More broadly, the term can be used to cover the whole range of instinctual ties between siblings, and parents and children.

Freud's thesis

Freud published a short piece on the Family Romance in Otto Rank's The Myth of the Birth of the Hero (1908) - the study later appearing separately in print both in German and in English. Freud had anticipated the theme in the 1890s, in a private reflection on Conrad Ferdinand Meyer.

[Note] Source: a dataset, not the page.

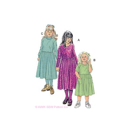 The girls' pull-over dresses have a gathered skirt and they are designed for stretch knits only with 20% stretch across the grain. We recommend using single knit, interlock, velour and double knit.

In his article, Freud argued for the widespread existence among neurotics of a fable in which the present-day parents were imposters, replacing a real and more aristocratic pair; but also that in repudiating the parents of today, the child is merely "turning away from the father whom he knows today to the father in whom he believed in the earliest years of his childhood".

Later psychoanalysts have added that the child may turn to imaginary parents of a lower (= uninhibited) social standing; and have seen the essence of the romance in the splitting and doubling of the parents - a dichotomixation which hinders the effective working through of the parent complex.

Literary examples

  • The institutionalised heroine of I Never Promised You a Rose Garden shares a room with a memory-impaired girl who gives herself multiple sets of musical celebrity parents: "My father - he's Paderewski, and my mother is Sophie Tucker".
  • The 'Gothic Family Romance' is the converse projection of the hostile or threatening aspects of the parents on to monsters and threats from outside the family in Gothic fiction.